Bij Consumptief Krediet is sprake van een ander mechanisme. De wet kent ten aanzien van Consumptief Krediet een open norm die overkreditering verbiedt; de norm zelf wordt echter niet bij wettelijke regeling vastgelegd, maar door de brancheorganisaties van aanbieders. De toezichthouder kan hierbij kenbaar maken (en dit gebeurt momenteel ook in de praktijk) dat de normen worden gezien als een minimale en toereikende invulling van de open norm in de wet.
In de basis lijkt dit een chique constellatie. De sector kan zelfstandig normen vaststellen; hierbij inhoudelijk ondersteund door het NIBUD, en voor kredietaanbieders bestaat (door de kwalificatie van de normen door de toezichthouder) duidelijkheid over de criteria die minimaal gehanteerd dienen te worden om te voldoen aan de open norm in de wet.
De forse aanscherping van de normen, en de gelijktijdige verzwaring van processen in de achterliggende jaren doet echter vermoeden dat van een evenwichtige weging van belangen bij de ontwikkeling van de leennormen Consumptief Krediet niet altijd sprake is geweest. Niet alleen de basisbedragen voor levensonderhoud die aanbieders moeten hanteren zijn fors verhoogd. Componenten die bij de beoordeling van aanvragen Hypothecair Krediet niet relevant zijn, hebben inmiddels wel een plek gekregen in de leennormen Consumptief Krediet. Hierbij gaat het bijvoorbeeld over kosten van autobezit, of kinderopvangkosten, en zelfs om het toerekenen van pensioenkosten voor iemand die in werkelijkheid geen pensioenlasten heeft.
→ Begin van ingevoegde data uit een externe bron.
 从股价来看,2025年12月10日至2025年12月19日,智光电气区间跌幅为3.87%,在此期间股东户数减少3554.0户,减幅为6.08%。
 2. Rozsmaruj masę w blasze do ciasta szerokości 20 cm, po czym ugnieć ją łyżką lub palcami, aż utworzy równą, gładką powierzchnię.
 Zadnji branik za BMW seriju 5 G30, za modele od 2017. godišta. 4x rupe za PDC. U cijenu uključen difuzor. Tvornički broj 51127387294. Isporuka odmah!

Voor elementen die de kredietwaardigheidstoets juist drastisch zouden kunnen vereenvoudigen en verdergaande digitalisatie mogelijk zouden kunnen maken, zoals bijvoorbeeld het hanteren van het SV-loon, worden tegelijkertijd onnodige barrières opgeworpen.
De genoemde wijzigingen en bepalingen zijn niet allemaal doorgevoerd omdat aanbieders deze aanpassingen noodzakelijk zouden vinden. Verzwaringen of flankerende bepalingen worden ook doorgevoerd omdat de toezichthouder in het huidige stelsel altijd kan besluiten om de continuering van de kwalificatie van de normen (als minimaal vereiste invulling van de open norm in de wet) te koppelen aan vanuit het toezicht noodzakelijk geachte verdere verzwaringen. De daadwerkelijke ontwikkeling van de leennormen Consumptief Krediet in de afgelopen jaren met twee constante factoren (beperking van kredietruimte voor consumenten en een steeds ingewikkelder en duurder proces) lijkt dan ook mede het resultaat te zijn van de huidige constellatie waarin de leennormen tot stand komen.
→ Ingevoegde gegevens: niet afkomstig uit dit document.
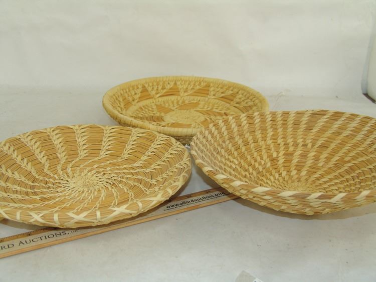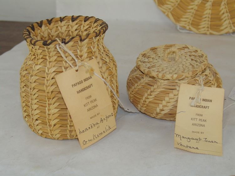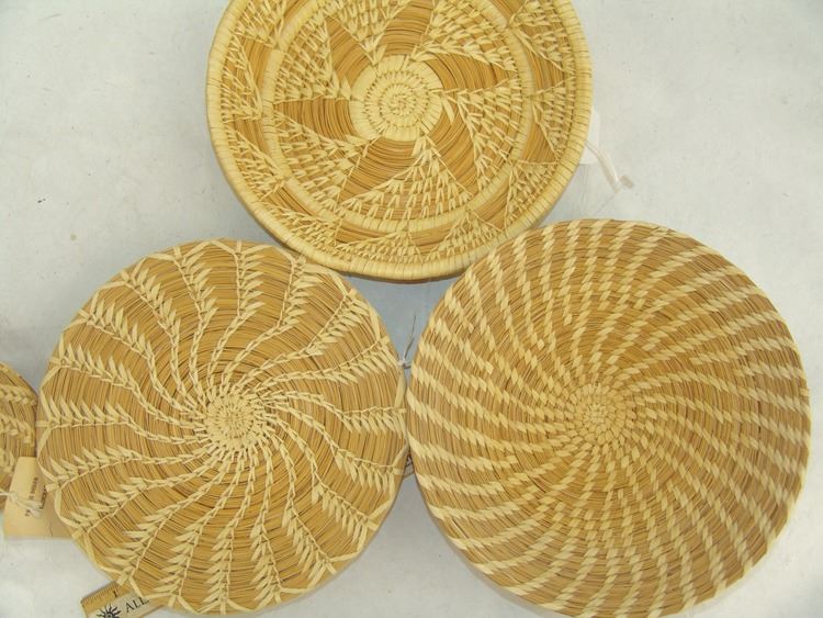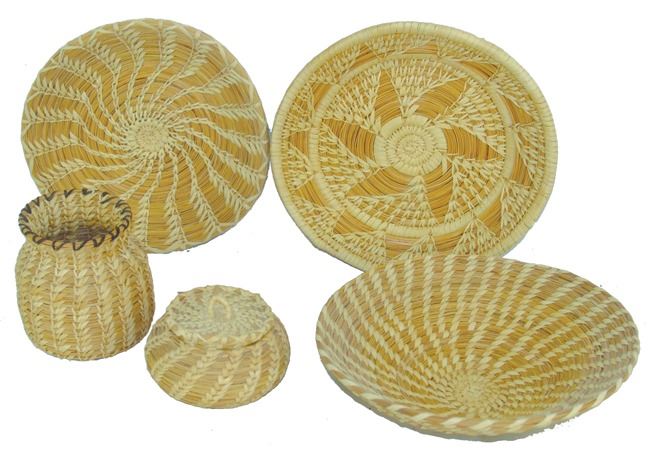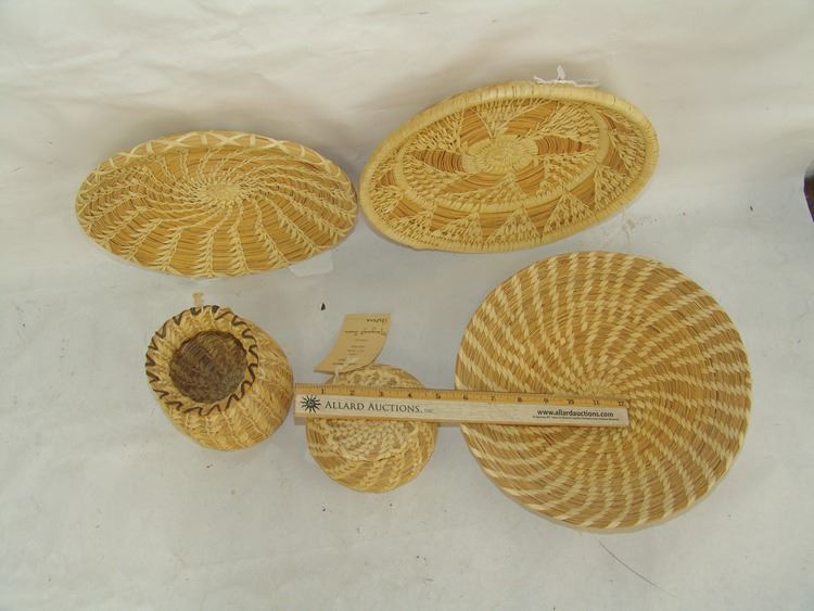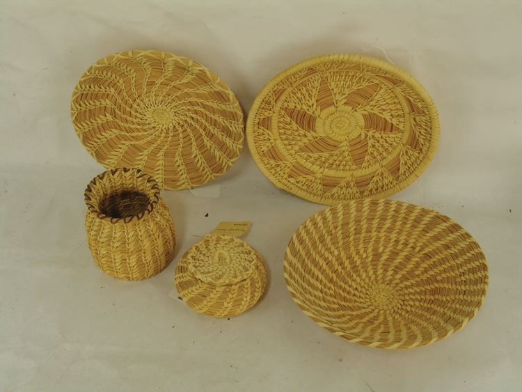 All done in traditional Tohono O'odham wheat stitch including a large bowl, three similar-sized trays, a lidded bowl by Margaret Juan, and a small olla by Loretta Antone. All in very good condition. All great,Mid/Late 1900s,Largest 8" x 11"

De sector kan haar grip op de ontwikkeling van de leennormen echter hernemen. De normen zoals vastgelegd in de TRHK bieden een aanknopingspunt voor een alternatieve methodiek. De TRHK-normen bieden een democratisch gelegitimeerd kader voor maximale hypotheeklasten. In de hypothecaire systematiek wordt hierbij echter ook indirect rekening gehouden met de lasten van consumptieve financieringen. Deze moeten eveneens passen binnen de genormeerde maandlasten. Hiermee is dus in de kern een gelegitimeerde norm beschikbaar voor de verantwoord geachte combinatie van hypotheeklasten (woonlasten) en consumptieve financieringslasten. Deze norm zou dus ook door Consumptief Krediet aanbieders als meer democratisch gelegitimeerde basis kunnen worden gehanteerd.
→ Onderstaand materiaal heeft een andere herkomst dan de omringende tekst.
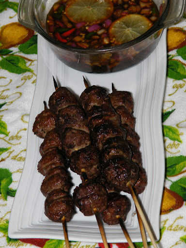 Mezcla de carne molida de res con pasta, combinan bien. Forma bolas e hilo de rosca a los pinchos.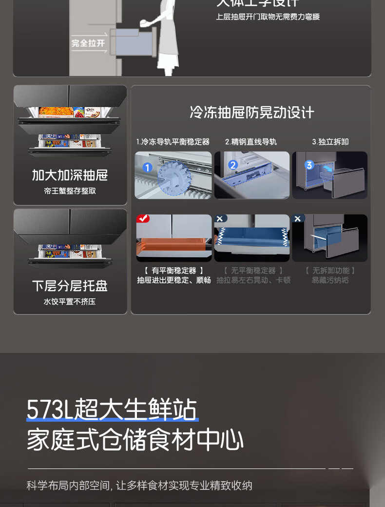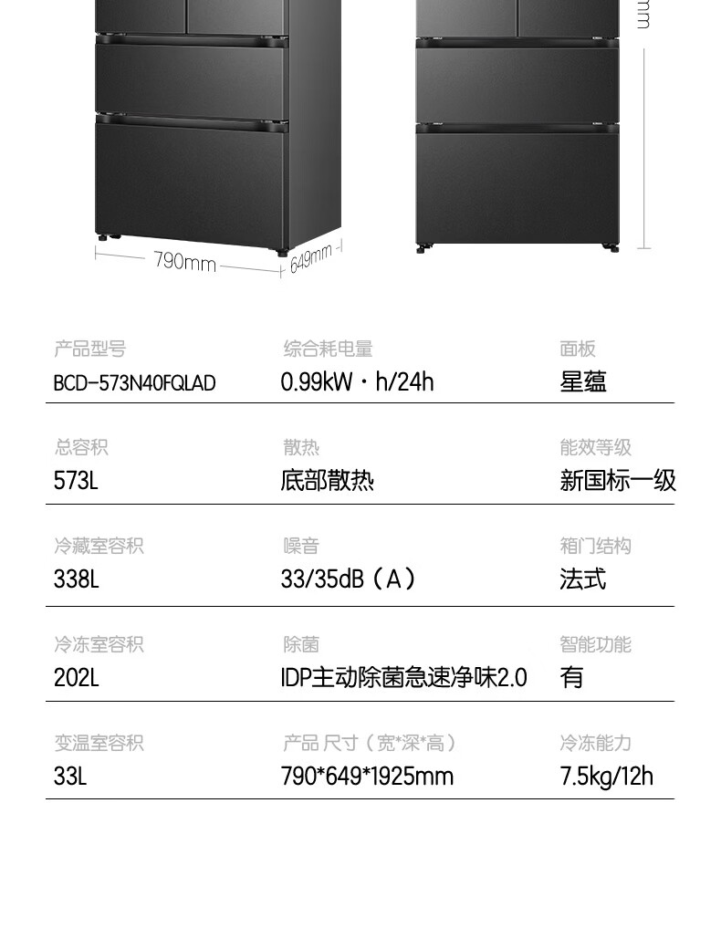 容声【526升级款】战神573L法式多门冰箱大容量双系统超薄零嵌入式一级能效灰BCD-573N40FQLAD国家补贴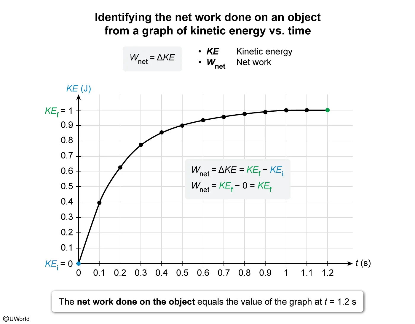 Therefore, the net work equals the value of the graph at t = 1.2 s (ie, the final kinetic energy):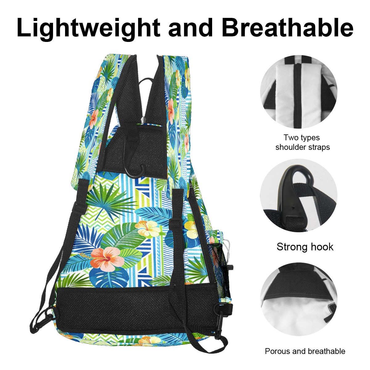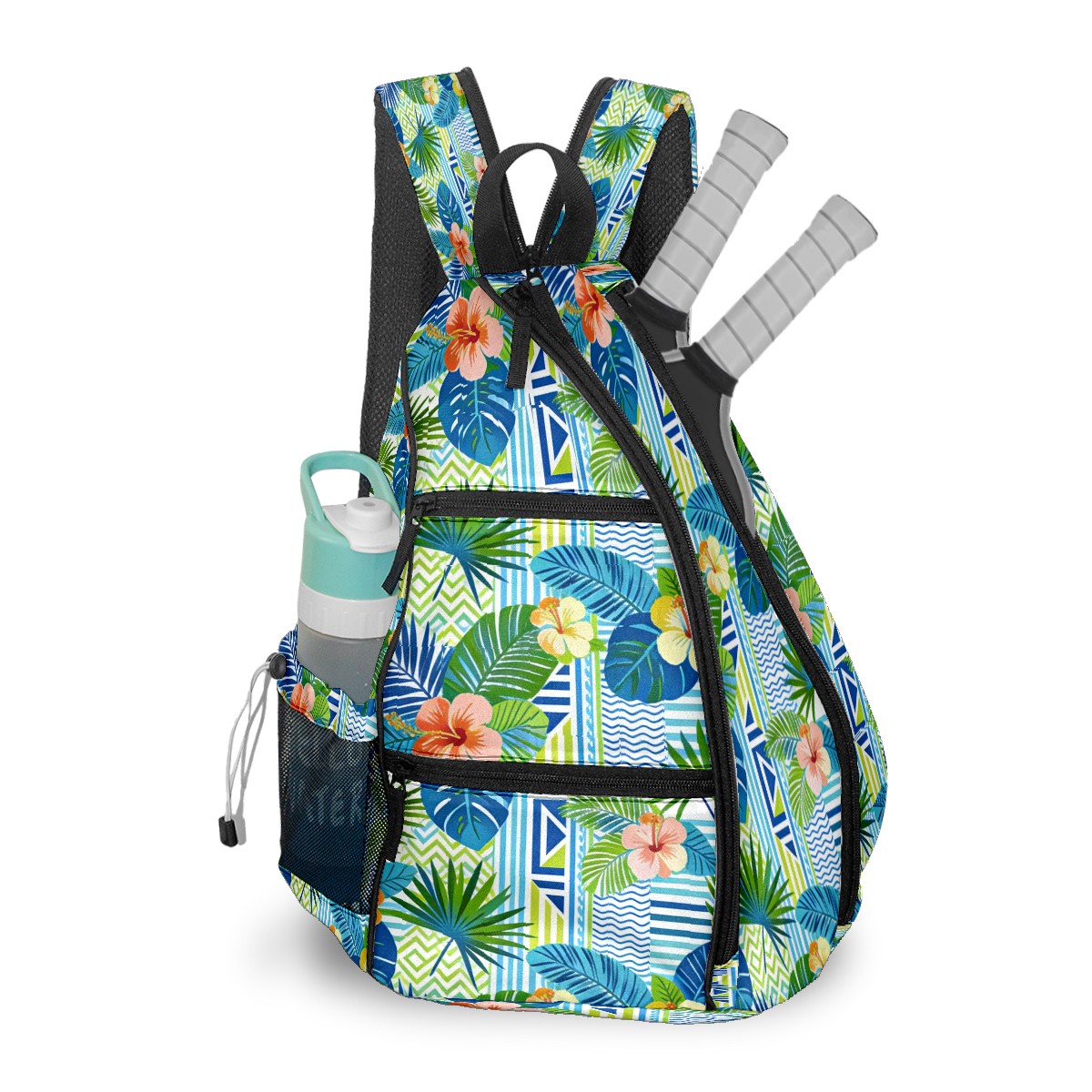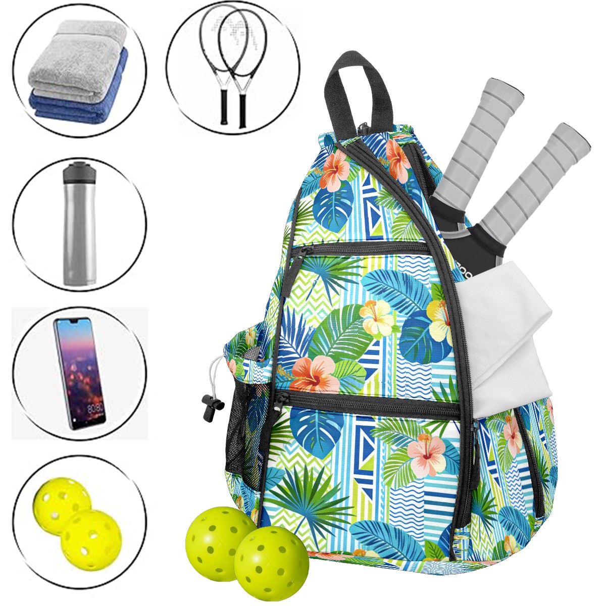 Pickleball Sling Bag for Women and Men - Backpack with Nylon Fabric/Woven Strap/Mesh Pocket/Fence Hook/Adjustable Bag Blue Flower

Wat zou dit concreet betekenen?
De Consumptief Krediet sector omarmt de normen uit de TRHK als uitgangspunt voor de normen Consumptief Krediet. Differentiatie naar huishoudtype (die overigens ontbreekt in de Hypothecaire normen) en woonsituatie (huur/eigen woning) kan worden vormgegeven door aanpassing van de percentages uit de TRHK. Dit betekent dat ook voor Consumptief Krediet aanbieders voortaan het bruto-inkomen de basis kan vormen in de kredietwaardigheidstoets, en dat alle complexe berekeningen rond bijvoorbeeld toeslagen en forfaitaire surplus-bedragen achterwege kunnen blijven.
Enkele rekenvoorbeelden laten zien wat dit zou kunnen betekenen.
In de tabel is voor verschillende inkomens doorgerekend wat de ruimte is om Consumptief Krediet te verstrekken op basis van de Consumptief normen per november 2024 ('ruimte kredietverplichtingen code CK') en welke ruimte beschikbaar zou zijn om Consumptief Krediet te verstrekken op basis van de normen uit de TRHK per januari 2025 ('Ruimte kredietverplichtingen code HK').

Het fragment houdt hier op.